[Data excerpts]

• • • •

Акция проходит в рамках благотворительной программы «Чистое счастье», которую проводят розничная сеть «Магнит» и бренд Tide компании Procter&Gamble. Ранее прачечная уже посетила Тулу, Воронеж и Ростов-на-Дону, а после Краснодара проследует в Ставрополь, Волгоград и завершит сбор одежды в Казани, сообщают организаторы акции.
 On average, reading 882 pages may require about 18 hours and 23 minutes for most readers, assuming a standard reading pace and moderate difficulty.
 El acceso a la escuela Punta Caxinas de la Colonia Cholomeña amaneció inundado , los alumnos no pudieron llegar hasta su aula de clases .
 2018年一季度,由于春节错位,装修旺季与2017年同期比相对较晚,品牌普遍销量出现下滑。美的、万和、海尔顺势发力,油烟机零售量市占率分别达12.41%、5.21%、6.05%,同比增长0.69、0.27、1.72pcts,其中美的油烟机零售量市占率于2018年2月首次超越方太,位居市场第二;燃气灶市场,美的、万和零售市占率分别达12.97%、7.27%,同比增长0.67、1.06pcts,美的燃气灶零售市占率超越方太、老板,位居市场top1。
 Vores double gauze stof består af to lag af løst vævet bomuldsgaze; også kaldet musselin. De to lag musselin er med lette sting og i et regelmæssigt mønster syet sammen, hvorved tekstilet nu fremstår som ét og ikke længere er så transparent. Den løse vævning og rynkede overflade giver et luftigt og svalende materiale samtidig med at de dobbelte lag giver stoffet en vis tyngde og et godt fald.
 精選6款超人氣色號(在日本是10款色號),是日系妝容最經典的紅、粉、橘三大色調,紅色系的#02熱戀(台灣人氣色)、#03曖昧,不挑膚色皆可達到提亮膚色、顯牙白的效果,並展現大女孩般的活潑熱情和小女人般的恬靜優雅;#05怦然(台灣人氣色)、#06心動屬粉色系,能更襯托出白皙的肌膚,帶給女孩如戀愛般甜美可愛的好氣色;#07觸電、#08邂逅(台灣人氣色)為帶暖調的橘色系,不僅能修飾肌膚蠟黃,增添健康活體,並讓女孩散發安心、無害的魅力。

• • • •

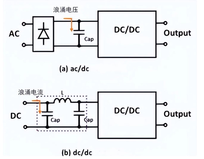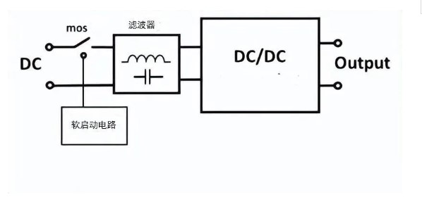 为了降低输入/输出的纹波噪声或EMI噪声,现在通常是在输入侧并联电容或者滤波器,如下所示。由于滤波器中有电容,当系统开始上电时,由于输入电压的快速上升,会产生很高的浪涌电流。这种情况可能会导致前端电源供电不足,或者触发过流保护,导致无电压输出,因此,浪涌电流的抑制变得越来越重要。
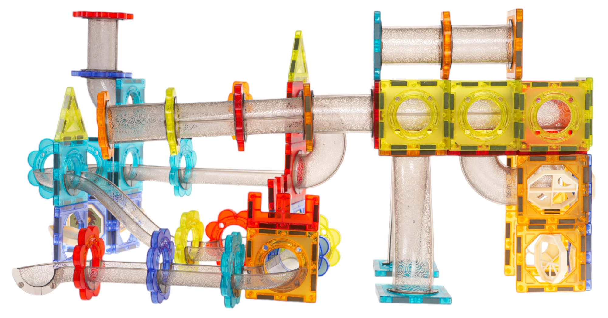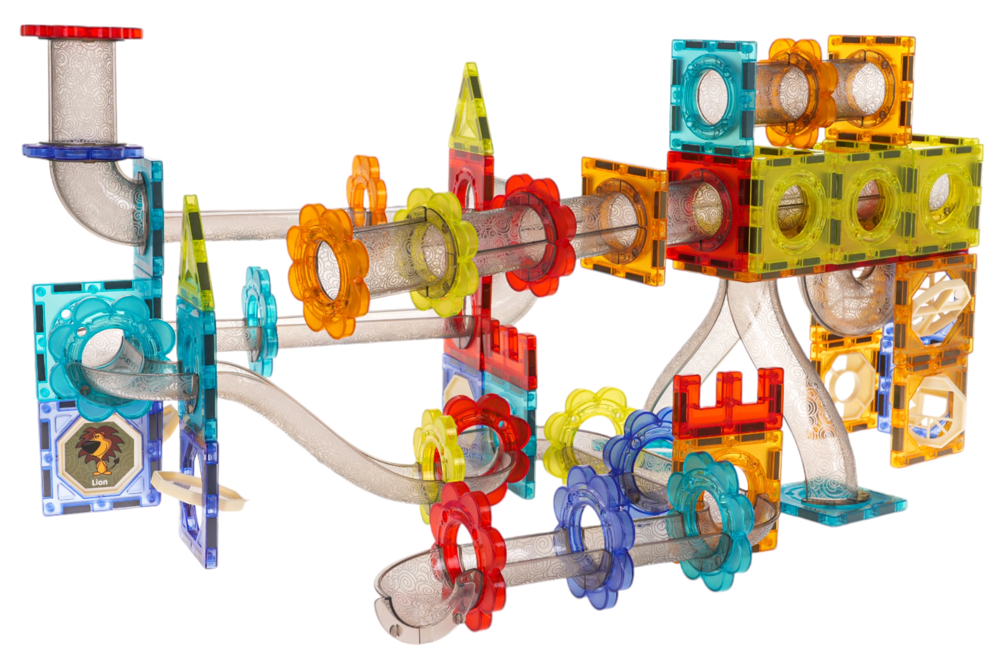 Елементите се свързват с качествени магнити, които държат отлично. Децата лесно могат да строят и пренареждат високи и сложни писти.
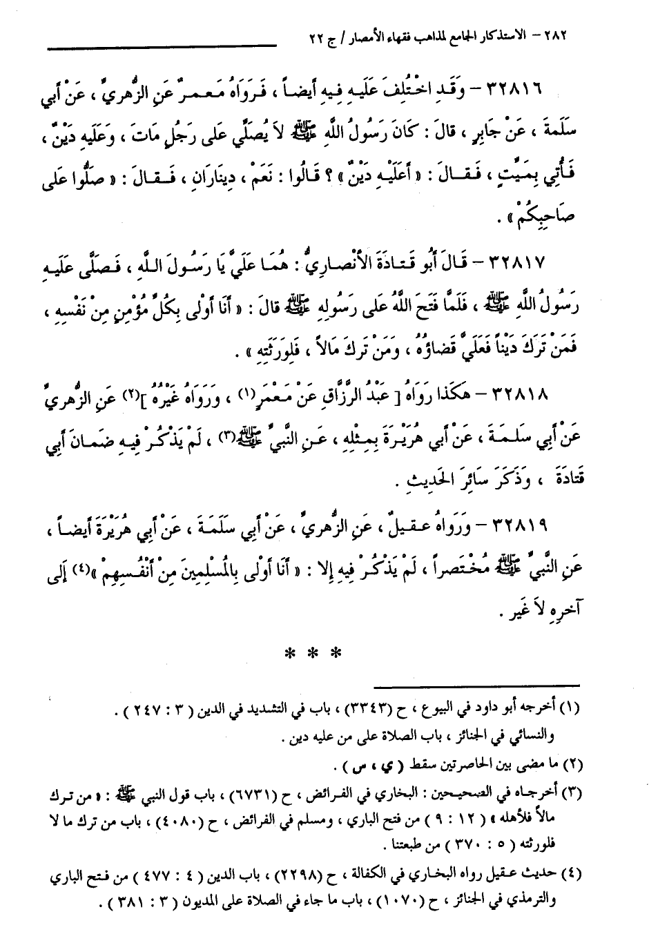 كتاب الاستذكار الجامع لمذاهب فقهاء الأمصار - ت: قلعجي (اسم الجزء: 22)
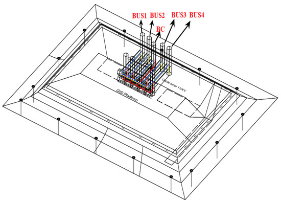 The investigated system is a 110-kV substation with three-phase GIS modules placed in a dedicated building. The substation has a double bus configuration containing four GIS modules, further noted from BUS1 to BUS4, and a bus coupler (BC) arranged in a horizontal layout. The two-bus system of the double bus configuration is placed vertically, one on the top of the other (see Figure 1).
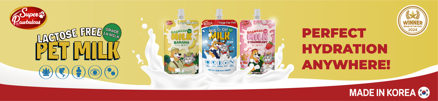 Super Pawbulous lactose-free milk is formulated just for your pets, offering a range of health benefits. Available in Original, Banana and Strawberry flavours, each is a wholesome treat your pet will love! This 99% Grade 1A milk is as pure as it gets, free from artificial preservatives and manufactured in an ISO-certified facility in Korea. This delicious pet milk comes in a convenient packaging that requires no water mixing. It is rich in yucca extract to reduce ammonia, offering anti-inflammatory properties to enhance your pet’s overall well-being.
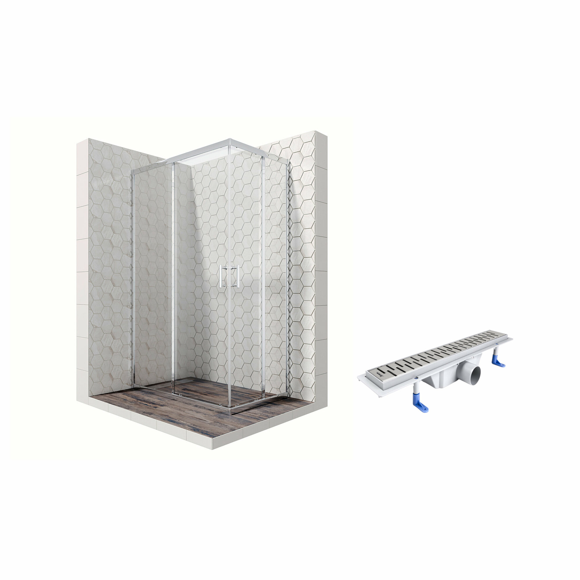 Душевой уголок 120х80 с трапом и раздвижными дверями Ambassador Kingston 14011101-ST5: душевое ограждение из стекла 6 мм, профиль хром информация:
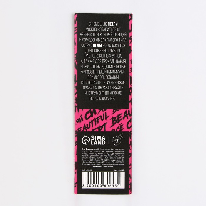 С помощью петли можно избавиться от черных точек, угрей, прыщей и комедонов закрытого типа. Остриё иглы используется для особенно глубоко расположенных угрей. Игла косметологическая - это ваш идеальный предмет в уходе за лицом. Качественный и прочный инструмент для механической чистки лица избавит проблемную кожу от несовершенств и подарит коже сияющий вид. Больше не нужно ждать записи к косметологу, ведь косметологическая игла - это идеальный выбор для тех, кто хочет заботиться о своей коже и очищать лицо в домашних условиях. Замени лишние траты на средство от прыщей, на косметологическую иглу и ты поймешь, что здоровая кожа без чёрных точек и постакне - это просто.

• • • •

The output should be exactly the lines above from the line containing "On average, reading" to the line containing "2018年一季度,由于春节错", inclusive, with no other lines.

 On average, reading 882 pages may require about 18 hours and 23 minutes for most readers, assuming a standard reading pace and moderate difficulty.
 El acceso a la escuela Punta Caxinas de la Colonia Cholomeña amaneció inundado , los alumnos no pudieron llegar hasta su aula de clases .
 2018年一季度,由于春节错位,装修旺季与2017年同期比相对较晚,品牌普遍销量出现下滑。美的、万和、海尔顺势发力,油烟机零售量市占率分别达12.41%、5.21%、6.05%,同比增长0.69、0.27、1.72pcts,其中美的油烟机零售量市占率于2018年2月首次超越方太,位居市场第二;燃气灶市场,美的、万和零售市占率分别达12.97%、7.27%,同比增长0.67、1.06pcts,美的燃气灶零售市占率超越方太、老板,位居市场top1。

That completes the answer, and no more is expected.